### DATA FOR THIS TASK
......
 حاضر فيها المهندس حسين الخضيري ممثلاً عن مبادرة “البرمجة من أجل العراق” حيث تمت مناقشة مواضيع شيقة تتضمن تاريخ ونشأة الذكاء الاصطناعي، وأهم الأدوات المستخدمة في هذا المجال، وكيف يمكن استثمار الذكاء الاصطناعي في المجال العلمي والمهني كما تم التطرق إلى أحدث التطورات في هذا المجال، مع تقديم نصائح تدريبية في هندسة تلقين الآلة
......
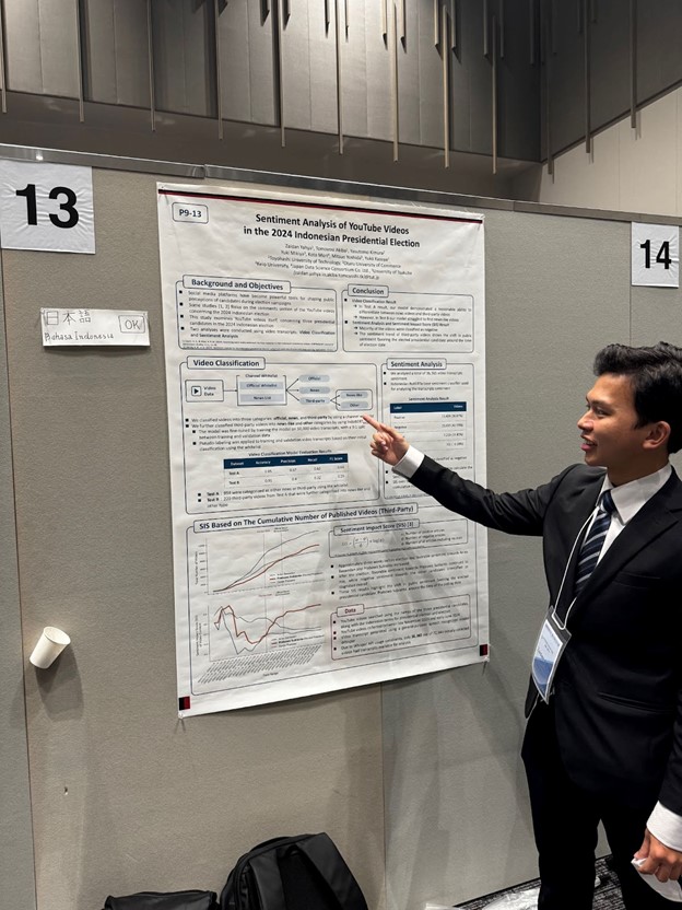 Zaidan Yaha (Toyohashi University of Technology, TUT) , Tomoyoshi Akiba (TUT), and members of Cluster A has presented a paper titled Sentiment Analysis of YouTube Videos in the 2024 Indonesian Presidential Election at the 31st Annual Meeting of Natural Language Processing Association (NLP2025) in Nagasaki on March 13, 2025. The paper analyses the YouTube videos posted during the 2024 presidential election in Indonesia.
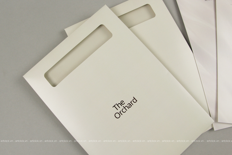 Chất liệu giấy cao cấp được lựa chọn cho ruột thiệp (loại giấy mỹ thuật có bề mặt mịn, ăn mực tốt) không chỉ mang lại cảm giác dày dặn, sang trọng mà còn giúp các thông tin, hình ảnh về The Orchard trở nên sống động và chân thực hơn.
......
Reproduce word for word, with pictures dropped, only the part of the material above that opens with the line containing "Zaidan Yaha (Toyohashi" and closes with the line containing "Chất liệu giấy".

 Zaidan Yaha (Toyohashi University of Technology, TUT) , Tomoyoshi Akiba (TUT), and members of Cluster A has presented a paper titled Sentiment Analysis of YouTube Videos in the 2024 Indonesian Presidential Election at the 31st Annual Meeting of Natural Language Processing Association (NLP2025) in Nagasaki on March 13, 2025. The paper analyses the YouTube videos posted during the 2024 presidential election in Indonesia.
 Chất liệu giấy cao cấp được lựa chọn cho ruột thiệp (loại giấy mỹ thuật có bề mặt mịn, ăn mực tốt) không chỉ mang lại cảm giác dày dặn, sang trọng mà còn giúp các thông tin, hình ảnh về The Orchard trở nên sống động và chân thực hơn.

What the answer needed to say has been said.